- **Data extracts**:
-*-

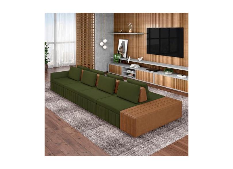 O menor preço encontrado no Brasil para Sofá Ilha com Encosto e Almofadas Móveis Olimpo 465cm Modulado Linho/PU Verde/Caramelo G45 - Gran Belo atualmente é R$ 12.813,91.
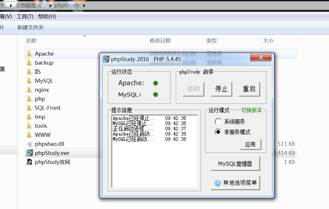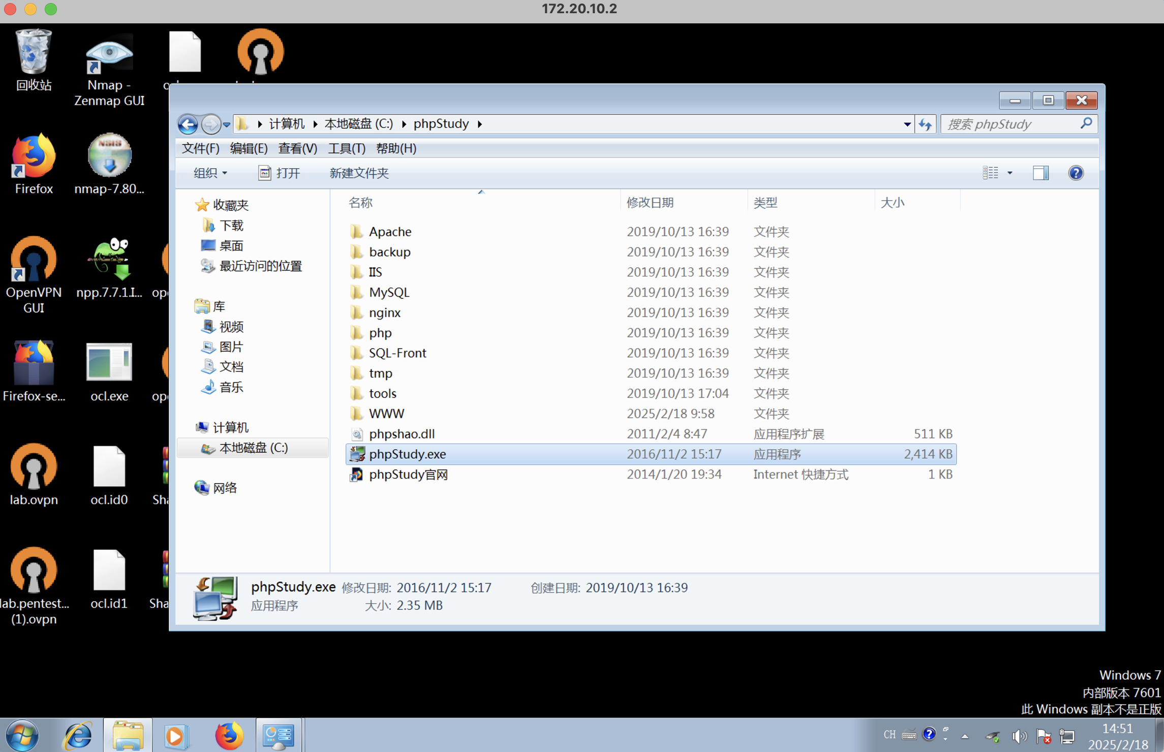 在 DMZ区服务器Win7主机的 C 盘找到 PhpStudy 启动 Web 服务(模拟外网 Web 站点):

-*-

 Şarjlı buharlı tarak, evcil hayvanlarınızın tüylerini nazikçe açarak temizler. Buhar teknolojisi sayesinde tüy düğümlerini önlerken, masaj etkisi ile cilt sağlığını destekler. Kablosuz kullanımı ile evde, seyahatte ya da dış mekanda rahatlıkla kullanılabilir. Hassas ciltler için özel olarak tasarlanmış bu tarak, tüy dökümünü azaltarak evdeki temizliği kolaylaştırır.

-*-

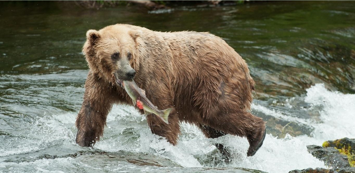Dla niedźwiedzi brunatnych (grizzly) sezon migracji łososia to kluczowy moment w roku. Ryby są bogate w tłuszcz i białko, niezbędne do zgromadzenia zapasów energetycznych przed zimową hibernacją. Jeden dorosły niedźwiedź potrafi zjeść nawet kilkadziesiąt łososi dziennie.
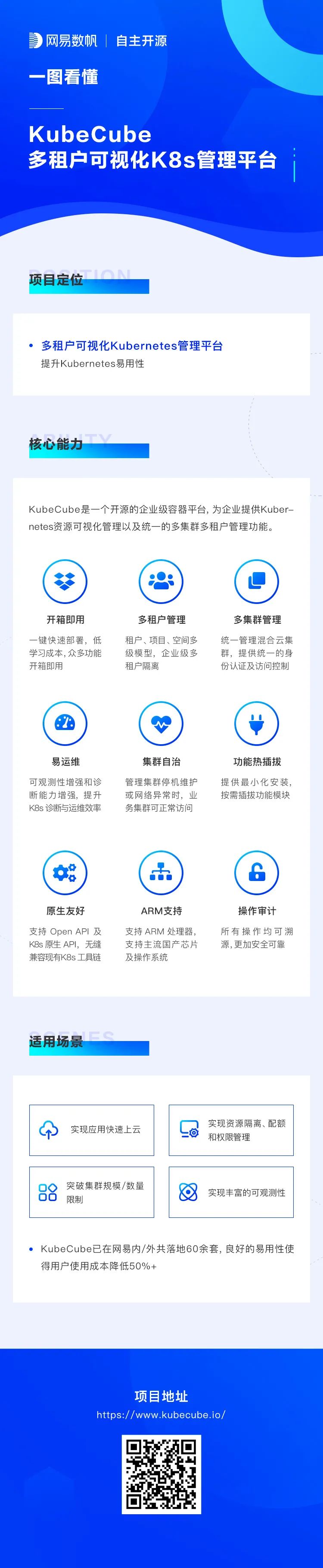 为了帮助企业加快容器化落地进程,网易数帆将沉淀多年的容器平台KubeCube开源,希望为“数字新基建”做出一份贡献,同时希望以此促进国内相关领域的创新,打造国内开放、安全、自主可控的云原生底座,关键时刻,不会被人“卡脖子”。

-*-

- **Problem**: Everything above from the line with "O menor preço" through the line with "在 DMZ区服务器Win7主机的 C" should be retyped exactly, and nothing else; omit pictures.

- **Response to the exercise**:
 O menor preço encontrado no Brasil para Sofá Ilha com Encosto e Almofadas Móveis Olimpo 465cm Modulado Linho/PU Verde/Caramelo G45 - Gran Belo atualmente é R$ 12.813,91.
 在 DMZ区服务器Win7主机的 C 盘找到 PhpStudy 启动 Web 服务(模拟外网 Web 站点):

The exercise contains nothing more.